The Department of Citizenship and Immigration is holding a contest for people to send a videotape whose purpose is to stop racism.
About the Racism. Stop It! National Video Competition
Your video will be judged by a jury of professionals based on:
- Effectiveness and creativity in the communication of the Racism. Stop It! message.
- Production quality. Even if your idea is brilliant, no television station participating in this initiative will be able to use it for public broadcast if your images or sound are unclear.
- Sticking to the rules. Your video must:
and so forth.
The department is to be congratulated on its very un-PC insistence that the contestants must stick by rules. No talk here of overturning the hegemony of the phallocentric western-European white rule-abindingness with various forms of feminist third-worldy unintelligible discourse. No sirree! To be judged, the contestants must submit to actual stated criteria, applicable to all.
Is it not ironic that when Canadians criticize Islamic political behaviour in Canada they do so on the same basis, that the laws of Parliament and the rules of Canadian society apply equally to everyone? Shades of the Herouxville Declaration!

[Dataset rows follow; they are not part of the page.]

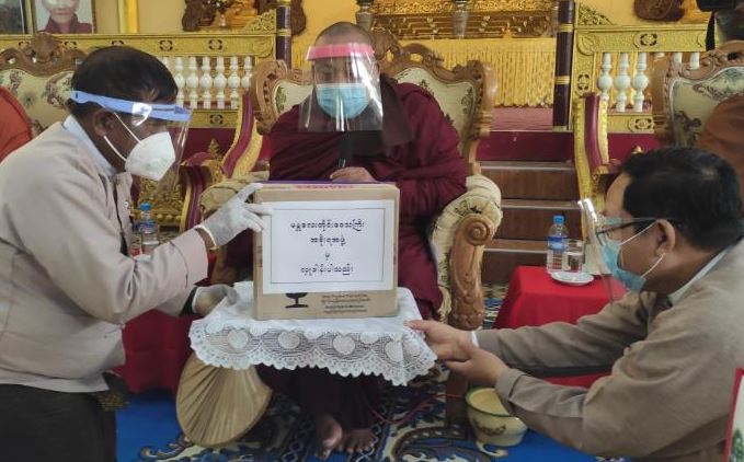 မန္တလေးခရိုင်တွင် ဘုန်းတော်ကြီးကျောင်း(၃၀၂၅)ကျောင်းနှင့် သီလရှင်ကျောင်း(၂၄၀)ကျောင်းရှိပြီး ရဟန်း(၂၂၅၈၁)ပါး၊ သာမဏေ(၁၇၅၅၂)ပါး၊ သီလရှင် (၅၀၈၉)ပါး၊ စုစုပေါင်း(၄၅၂၂၂)ပါး ရှိရာ တစ်ဖာလျင် ခေါက်ဆွဲခြောက်ထုပ်(၃၀)ပါရှိသည့် ခေါက်ဆွဲခြောက် ထုပ်များကို(၂)ပါးလျင် တစ်ဖာနှုန်းဖြင့် ခေါက်ဆွဲခြောက်ထုပ်(၂၂၆၁၁)ဖာတို့အား ကိုဗစ်ကာလအတွင်း ဆွမ်းကိစ္စအထောက်အပံ့ဖြစ်စေရေးအတွက် လှူဒါန်းခြင်းဖြစ်ကြောင်း သိရသည်။
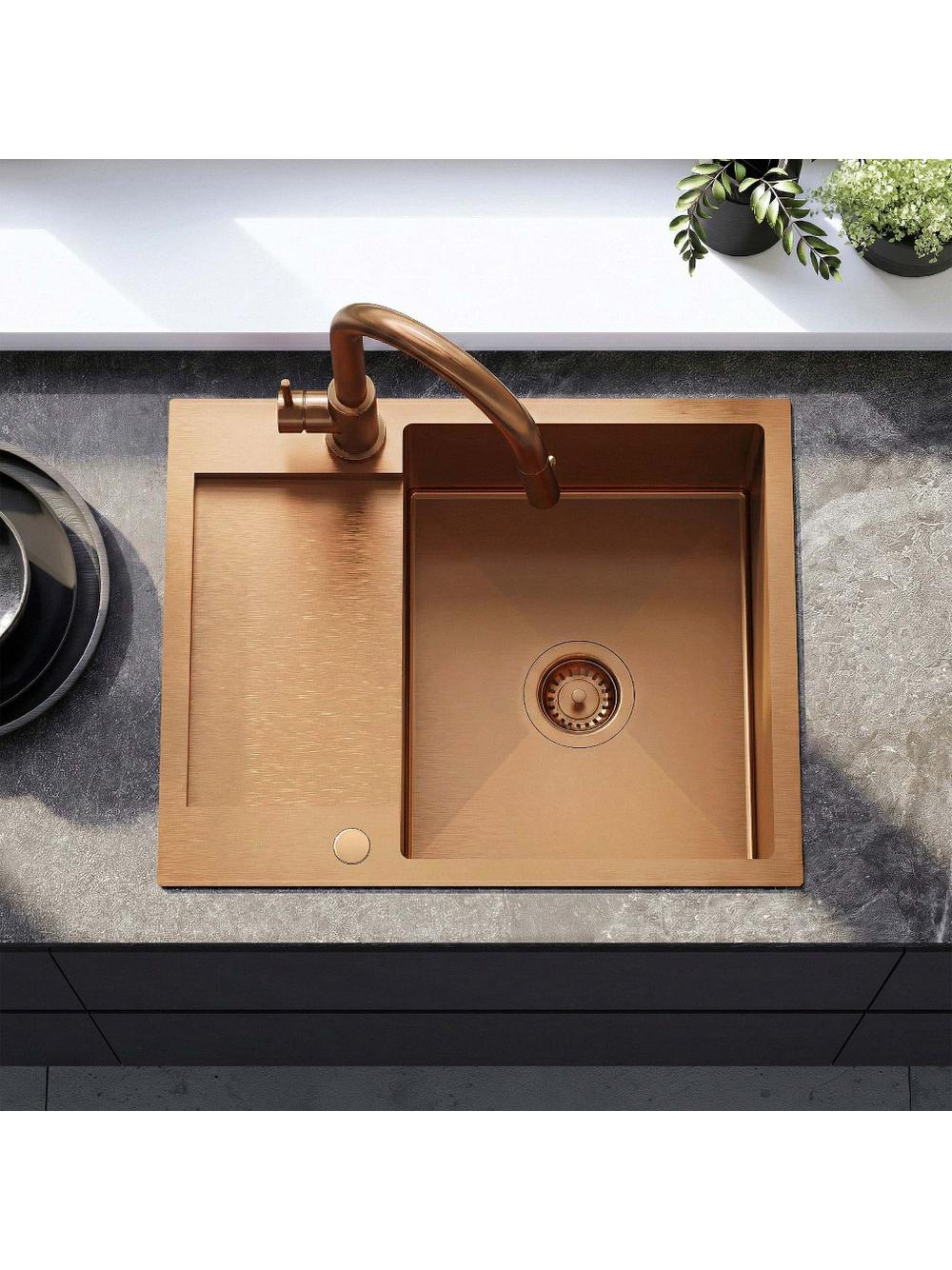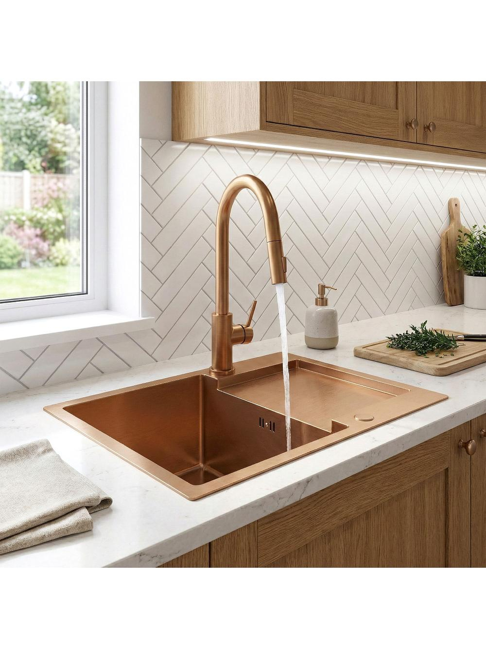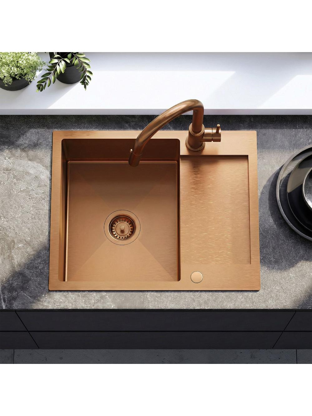 Chiuveta din oțel inoxidabil Paul, cu finisaj cupru periat, combină eleganța designului modern cu utilitatea practică, fiind perfectă pentru orice bucătărie. Această chiuvetă de înaltă calitate, fabricată din oțel inoxidabil AISI 304 (cu o grosime de 2 mm), se remarcă prin rezistența sa la coroziune, zgârieturi și temperaturi ridicate, fiind durabilă și fiabilă pe termen lung. Cu o cuvă adâncă și spațioasă, această chiuvetă oferă confort în utilizarea zilnică. Cu un orificiu dedicat pentru montarea rapidă și ușoară a bateriei, produsul include și un ventil de scurgere asortat cromatic, pentru un aspect uniform și elegant. Suprafața ușor de curățat și igienică ajută la menținerea chiuvetei în condiții impecabile și previne dezvoltarea microorganismelor. Disponibil în două opțiuni: fără baterie sau într-un set care include bateria de bucătărie Fresh cu pipă extractibilă.
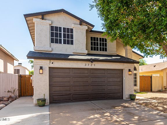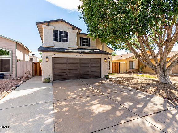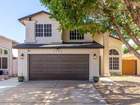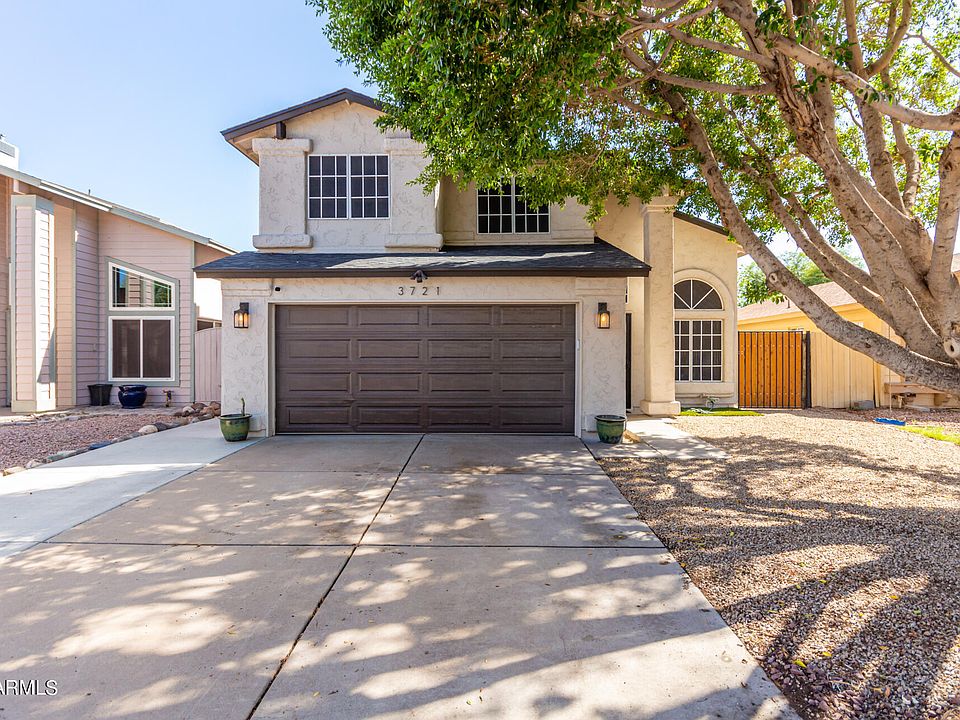 Remodeled home in North Phoenix! This beautiful two-story property tastefully blends style, functionality, and comfort. With 3 beds, 2.5 baths, and 2-car garage, it is the epitome of contemporary living. Discover a perfectly flowing living and dining room and an inviting family room with fireplace! Vaulted ceilings, fresh neutral paint, laminate and wood-look tile flooring throughout, and abundant natural light enhance the welcoming vibe. The impeccable kitchen boasts sleek SS appliances, quartz counters, wood cabinetry, and a breakfast area w/bay window. Moving upstairs, the bedrooms await! Main bedroom has a triple-wide closet w/built-ins and a full bathroom w/dual sinks. You'll love the tranquil backyard offering a covered patio, fire pit, storage shed, grassy area, and shade trees!

And that they are criticized for being “racist” when they do so. Yet when actual judgments have to be made about videotapes, relatively straight-forward marking criteria have to be used in order to create a sufficiently common set of products subject to judgement. You cannot compare a haiku to a sonnet, though each are valid expressions of culture.
So I say to Citizenship and Immigration, the same process of reasoning applies to judging people as it does to judging vieotapes. There has to be agreement about common standards. And this agreement is neither racist nor wrong in any sense. Other societies might have different standards, and so be it. But this Canadian society has a standard of behaviour, which is not to be messed with for the purpose of adapting us to immigrants, but rather them to us.
The fact that this kind of contest is still being held in a Conservative regime is a sure sign that the government has not yet sufficiently purged the bureaucracy.